■ Data for this task
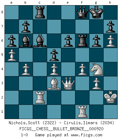 Last move : 1-0 2016 August 18 15:43:52 [Event "FICGS__CHESS__BULLET_BRONZE__000920"] [Site "FICGS"] [Date "2016.08.18"] [Round "1"] [White "Nichols,Scott"] [Black "Cirulis,Ilmars"] [Result "1-0"] [WhiteElo "2322"] [BlackElo "2034"] 1.e4 a6 2.d4 e6 3.Nf3 d5 4.Nbd2 Ne7 5.c3 Nd7 6.Bd3 Ng6 7.Bc2 Be7 8.e5 c5 9.h4 cxd4 10.cxd4 O-O 11.h5 Nh4 12.Nxh4 Bxh4 13.Nf3 Be7 14.O-O f5 15.exf6 Nxf6 16.Ne5 Bd7 17.Re1 Rc8 18.h6 g6 19.Bd2 Bd6 20.Bg5 Qe8 21.Rc1 Bb5 22.a4 Bc6 23.Qe2 Bb4 24.Rf1 Bd6 25.Qe3 Nd7 26.Ng4 Bb4 27.b3 Ba5 28.Bd3 Rf7 29.f4 Bb4 30.g3 Qf8 31.Kh2 Ba5 32.Rc2 Bb6 33.b4 Nf6 34.Bxf6 Rxf6 35.a5 1-0 St. George (Baker) defense Kingside Castling by player Black (move 10) Kingside Castling by player White (move 14) Player White won this chess game. Follow this game move after move (download)The hardest game to win is a won game. (Emanuel Lasker) Mein Gehirn das ist mein zweitwichtigstes Organ [Aus dem Film: Der Schläfer]. (Woody Allen) Cada Peón es potencialmente una Reina. (James Mason) Les échecs sont un jeu terrible. Si vous n'avez pas le centre, votre adversaire a une position plus libre. Par contre, si vous avez le centre, alors vous avez vraiment quelque chose pour laquelle vous inquiéter ! (Siegbert Tarrasch) A married woman is like a fish riding a bicycle. (Rodolfo d'Ettorre)
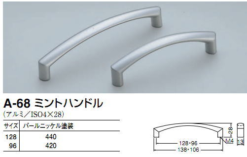 シロクマ A-68・家具用取手、ハンドル一覧・家具用ツマミ、耐震ラッチ一覧【商品の検索方法】・シロクマ 36Cカタログの品番から! 【例】シロクマ HB-78・取付ビスピッチを入力して! 【例】シロクマ 数字mm
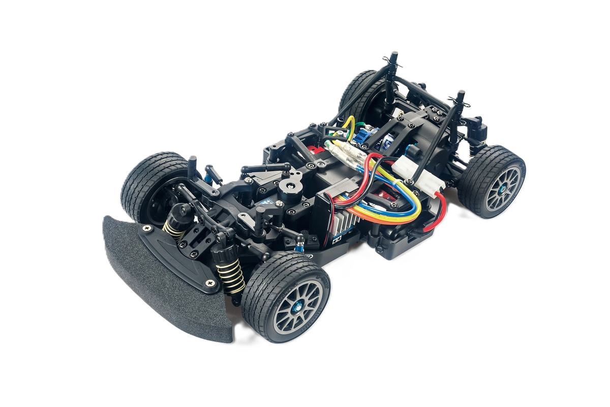 This TAMIYA high-performance rear-wheel drive R/C chassis assembly kit is constructed around a rigid monocoque with the main frame split into front and rear sections. It offers superior rear high traction drive characteristics and fuss-free maintenance of parts such as the easy-access differential. C.V.A. (Constant Volume Adjustable) oil shock-damped 4-wheel double wishbone suspension features dedicated long arms and steering linkage components for a range of setup options. A silky-smooth drivetrain utilizes full ball bearings, oil-filled gear differential unit and universal drive shafts. It can be assembled with a 210mm (S), 225mm (M) or 239mm (L) wheelbase, making it compatible with appropriately-sized existing Tamiya M-chassis body parts sets.
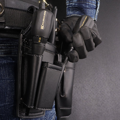 9. フジ矢 ドライバーペンチホルダー2段(黒金)LIGHT PU LEASER SERIES AH-72BG
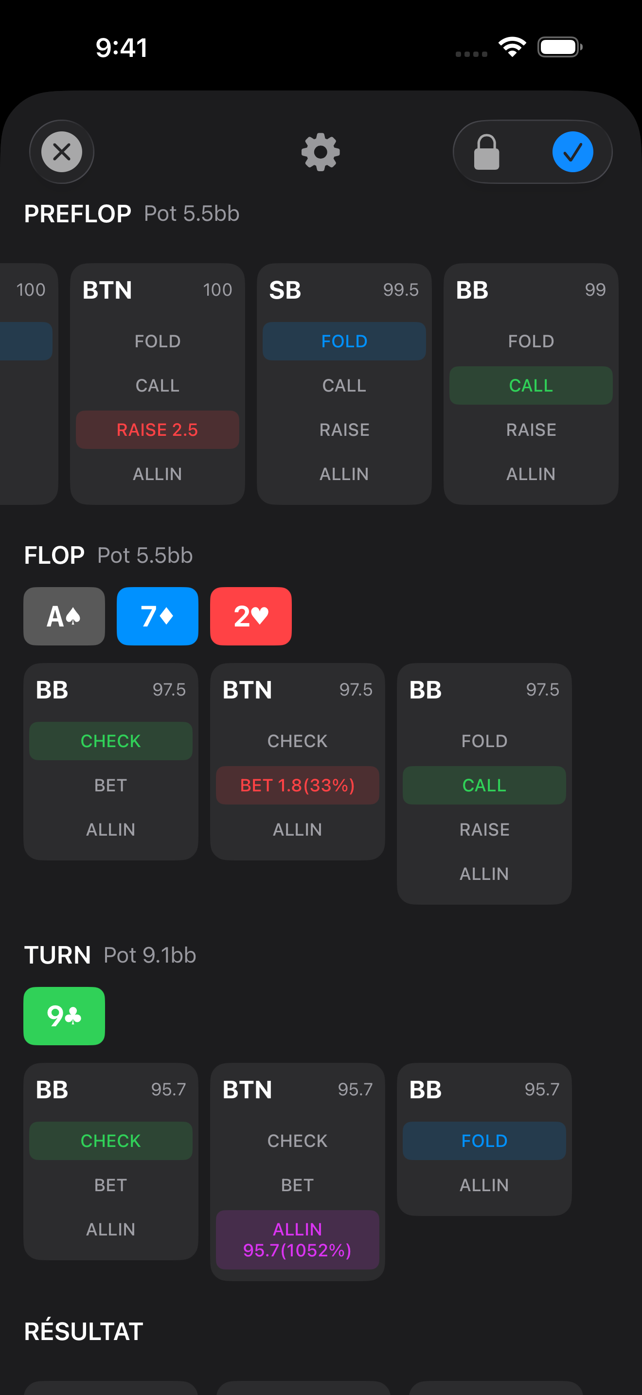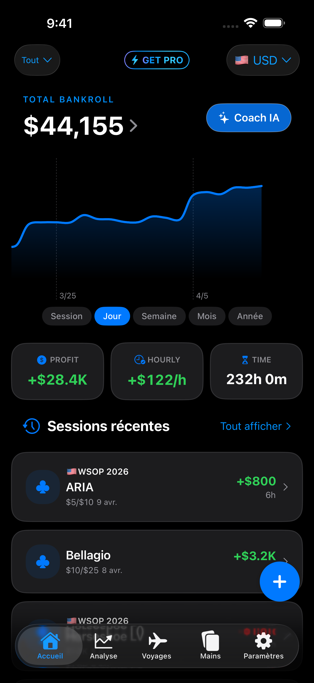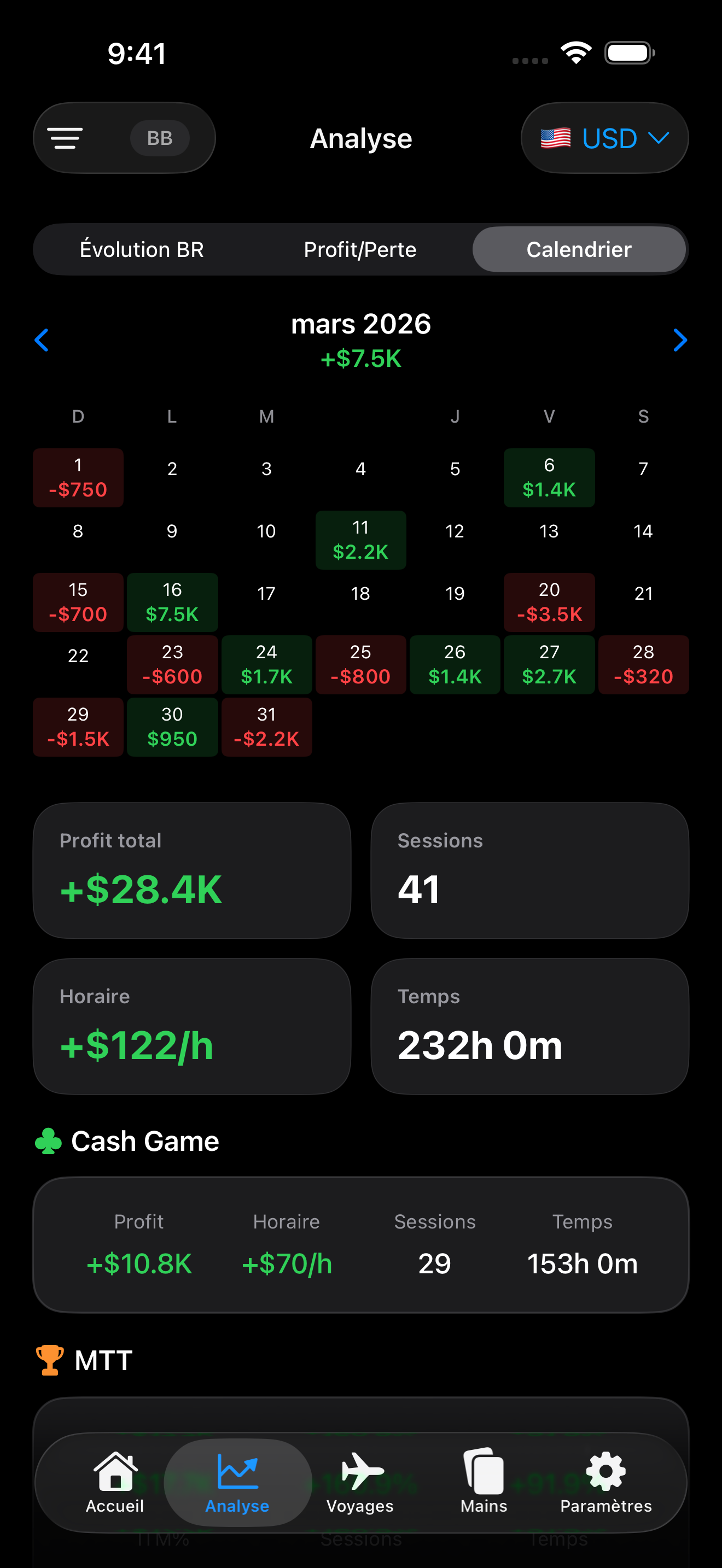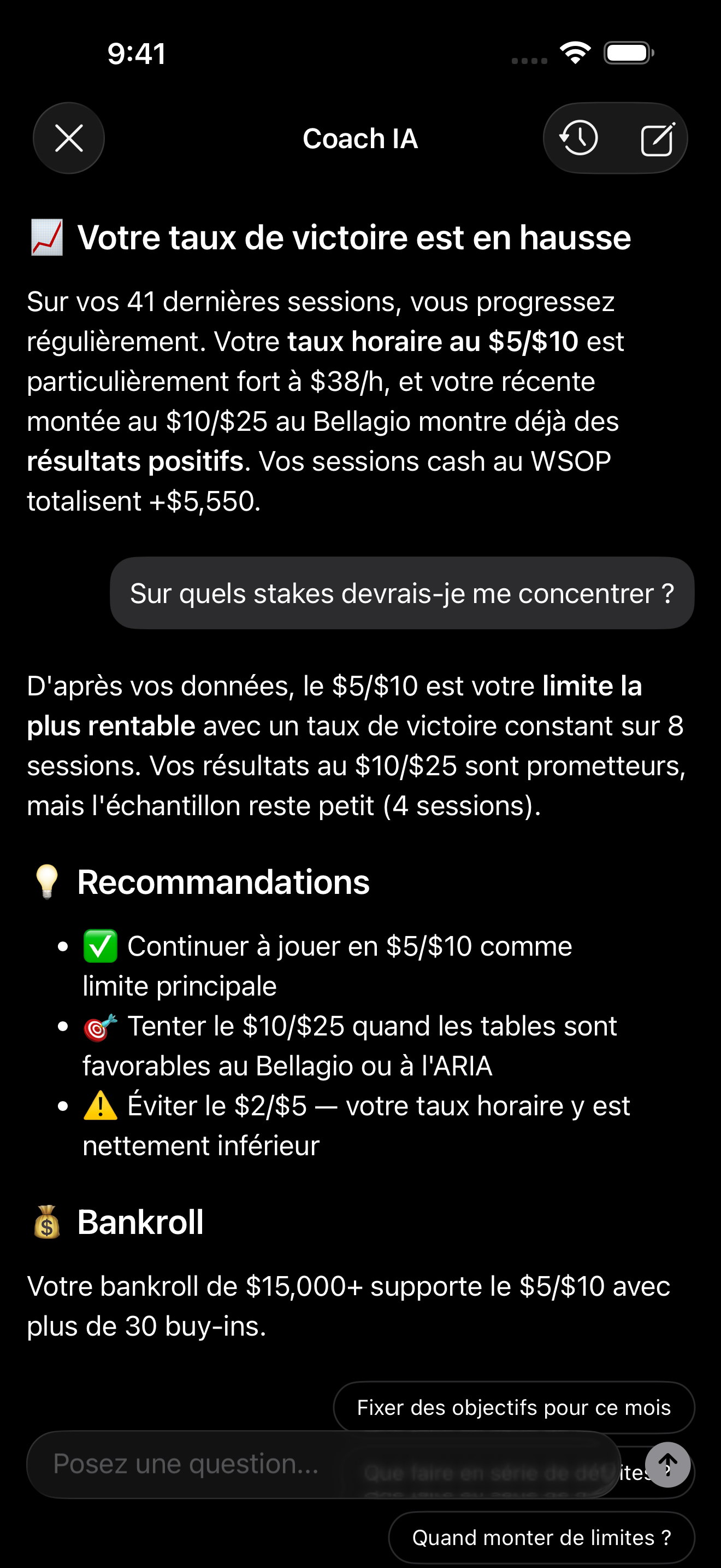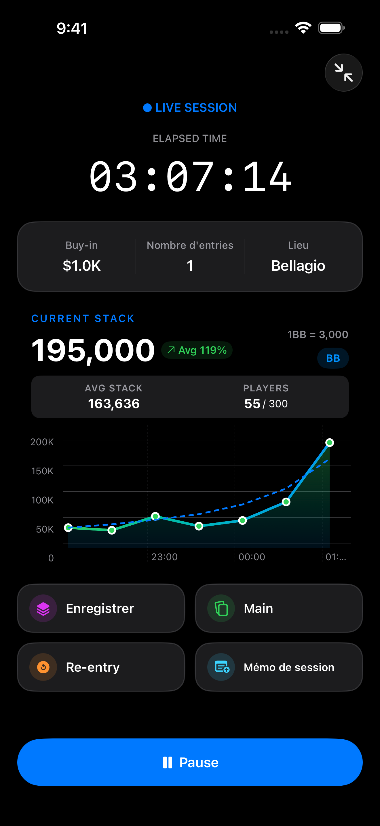 Télécharger sur l'App StoreEnregistrez vos résultats de session en temps réel. Cash games et MTT pris en charge.
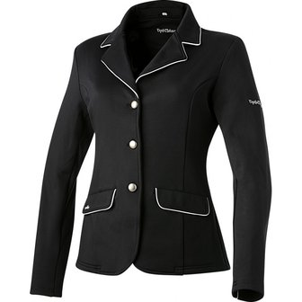 Van ademende, waterafstotende en winddichte polyester softshell met gekamde polar fleece-achtige binnenkant voor gebruik in het tussen- en winterseizoen. Nauwsluitend anatomisch model, naden op de ellebogen voor totale bewegingsvrijheid zelfs tijdens het springen, getailleerd aan de voor- en achterkant en dubbbe splitten. Contrasterende bies langs de kraag, flappen van de zakken en uiteinden van de mouwen. Knoopsluiting, 2 zakken met een flap en 2 splitten aan de achterkant. Samenstelling: 94% polyester en 6% elastaan Machine wasbaar op 30°C

■ What to produce
Reproduce the lines above, exactly and exclusively, from the line containing "Télécharger sur l'App" down to the last line, both included; pictures are not part of the copy.

■ Task output
 Télécharger sur l'App StoreEnregistrez vos résultats de session en temps réel. Cash games et MTT pris en charge.
 Van ademende, waterafstotende en winddichte polyester softshell met gekamde polar fleece-achtige binnenkant voor gebruik in het tussen- en winterseizoen. Nauwsluitend anatomisch model, naden op de ellebogen voor totale bewegingsvrijheid zelfs tijdens het springen, getailleerd aan de voor- en achterkant en dubbbe splitten. Contrasterende bies langs de kraag, flappen van de zakken en uiteinden van de mouwen. Knoopsluiting, 2 zakken met een flap en 2 splitten aan de achterkant. Samenstelling: 94% polyester en 6% elastaan Machine wasbaar op 30°C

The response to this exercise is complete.